▸ What needs to be done: Set down, word for word, the line with "茶深加工與多元化利用團(tuán)隊(duì)成果轉(zhuǎn)化負(fù)責(zé)人展示新產(chǎn)品。 胡丁于 攝" and the lines after it through the final line of the data below, without pictures.

Data entries
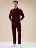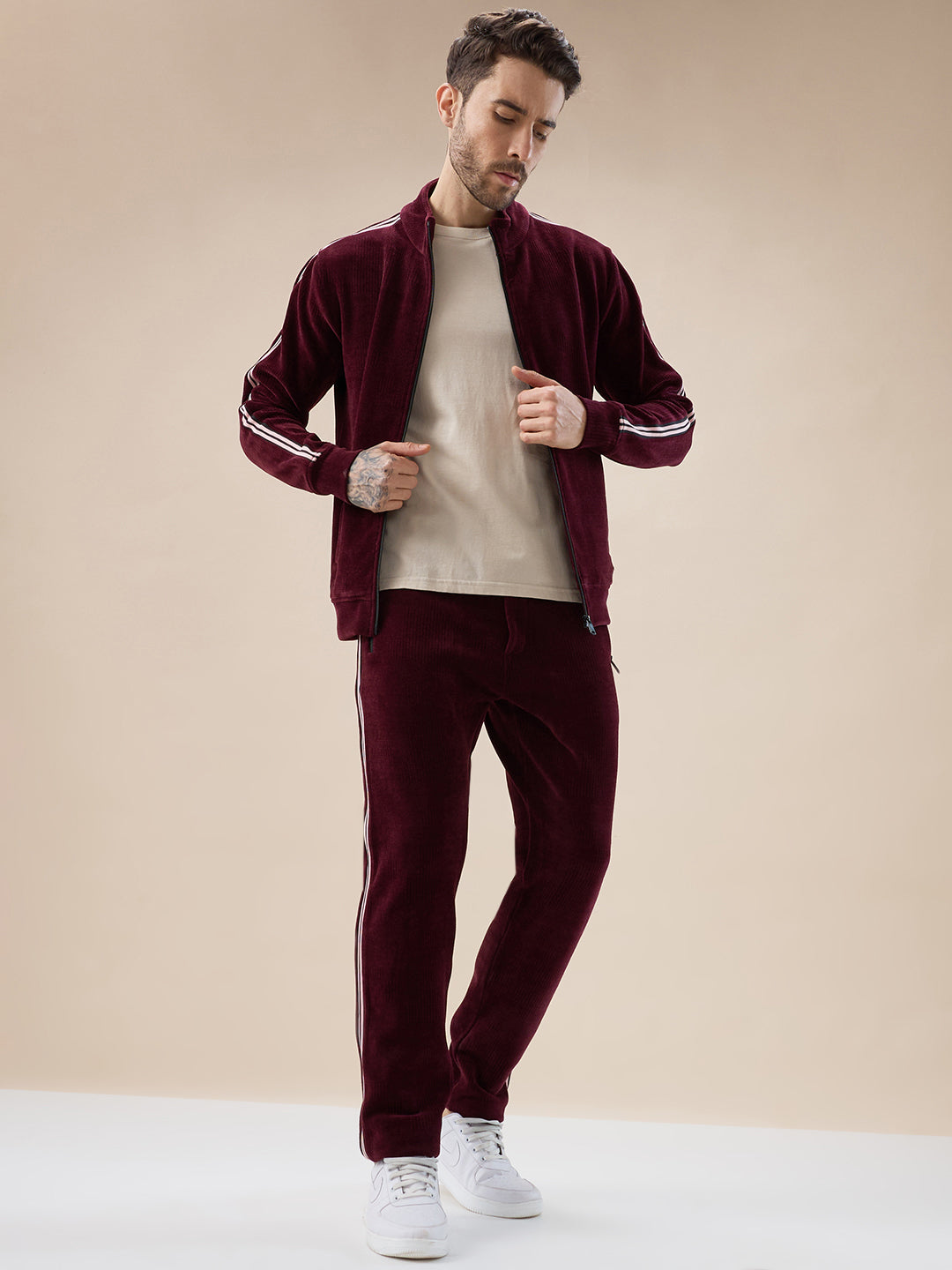 MAROON Men's Solid Corduroy Regular Fit Tracksuit with Side Stripe Detail
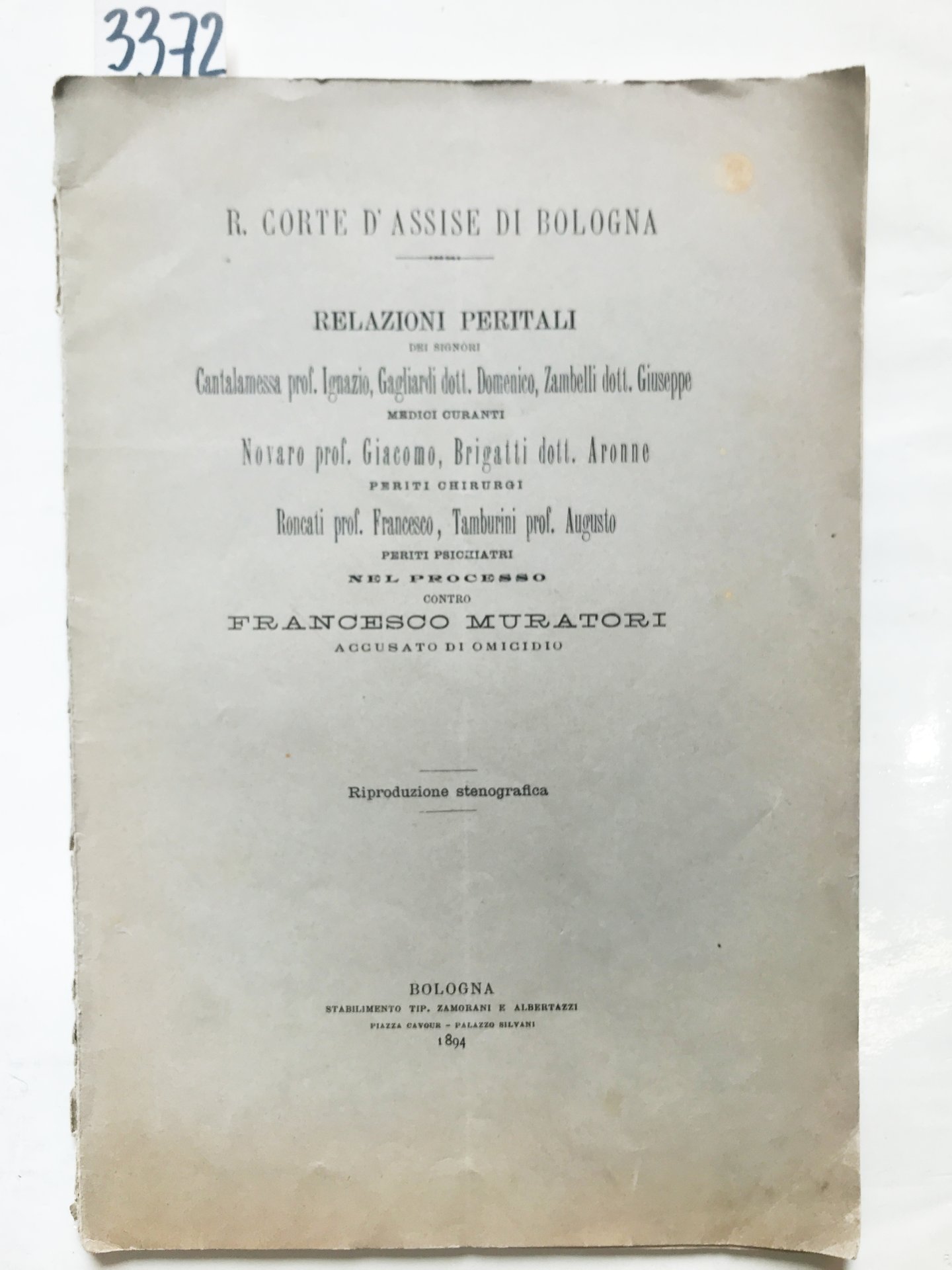 RELAZIONI PERITALI: dei signori Cantalamessa Prof. Ignazio, Gagliardi dott. Domenico, Zambelli dott. Giuseppe MEDICI CURANTI, Novaro prof. Giacomo, Brigatti dott. Aronne PERITI CHIRURGHI, Roncati prof. Francesco, Tamburini prof. Augusto PERITI PSICHIATRI, nel PROCESSO contro FRANCESCO MURATORI ACCUSATO DI OMICIDIO.
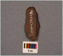 | Description / विवरण | Side scraper detached from end struck flake prepared platform, bulb on ventral side irregular retouch on the right and left cutting edge on dorsal side, blad remonal mark on dorsal side. |
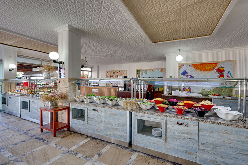 Хотелът предлага All Inclusive концепция с включени местни алкохолни и безалкохолни напитки и разнообразие от интернационална кухня.
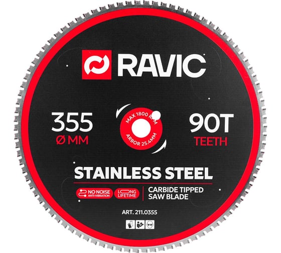 - Диск пильный по нержавеющей стали Ravic, 355x2,2/1,8x25,4 мм, Z=90, артикул 211.0355 - 1 шт.
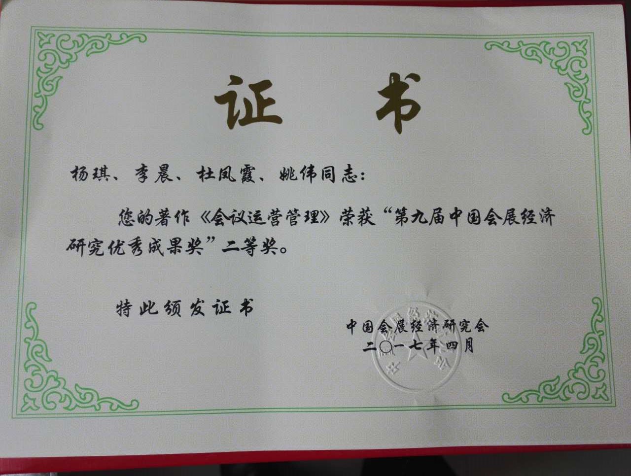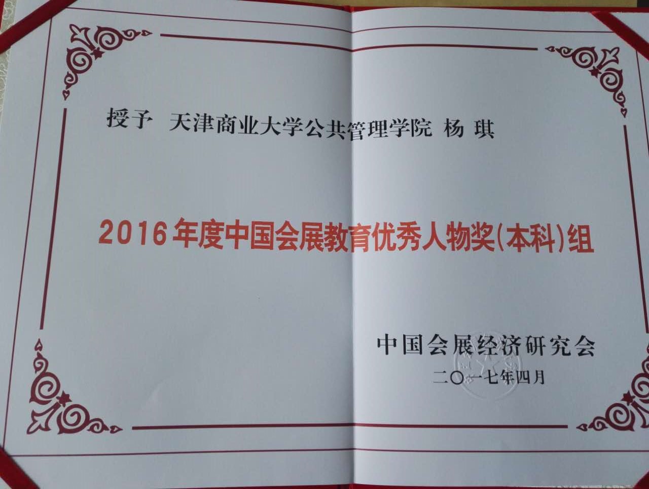 本届年会评奖中,会展系主任杨琪荣获“2016年度中国会展教育优秀人物奖”,是第三次获得此项荣誉;杨琪、李晨、杜凤霞、姚伟合著的著作《会议运营管理》荣获第九届中国会展经济研究优秀成果(著作类)二等奖。
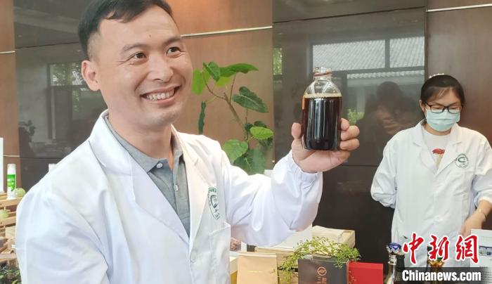 茶深加工與多元化利用團(tuán)隊(duì)成果轉(zhuǎn)化負(fù)責(zé)人展示新產(chǎn)品。 胡丁于 攝
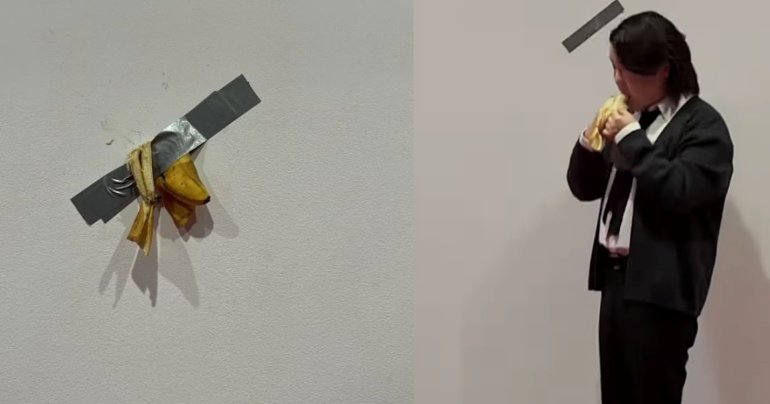 ก็มันหิว ยังไม่ได้กินข้าวเช้า นักศึกษาเกาหลีใต้ กินงานศิลปะกล้วยที่จัดแสดงในพิพิธภัณฑ์โซล
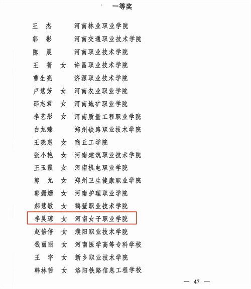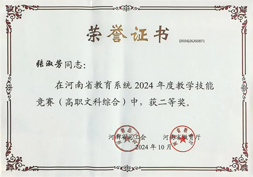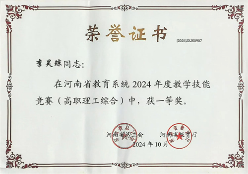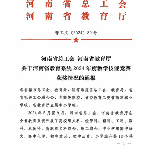 近日,河南省总工会、河南省教育厅联合下发《关于河南省教育系统2024年度教学技能竞赛获奖情况的通报》(豫工文〔2024〕89号)文件。在此项竞赛中,我校教师成功夺得高职理工综合一等奖和高职文综二等奖。

▸ Reply to the exercise:
 茶深加工與多元化利用團(tuán)隊(duì)成果轉(zhuǎn)化負(fù)責(zé)人展示新產(chǎn)品。 胡丁于 攝
 ก็มันหิว ยังไม่ได้กินข้าวเช้า นักศึกษาเกาหลีใต้ กินงานศิลปะกล้วยที่จัดแสดงในพิพิธภัณฑ์โซล
 近日,河南省总工会、河南省教育厅联合下发《关于河南省教育系统2024年度教学技能竞赛获奖情况的通报》(豫工文〔2024〕89号)文件。在此项竞赛中,我校教师成功夺得高职理工综合一等奖和高职文综二等奖。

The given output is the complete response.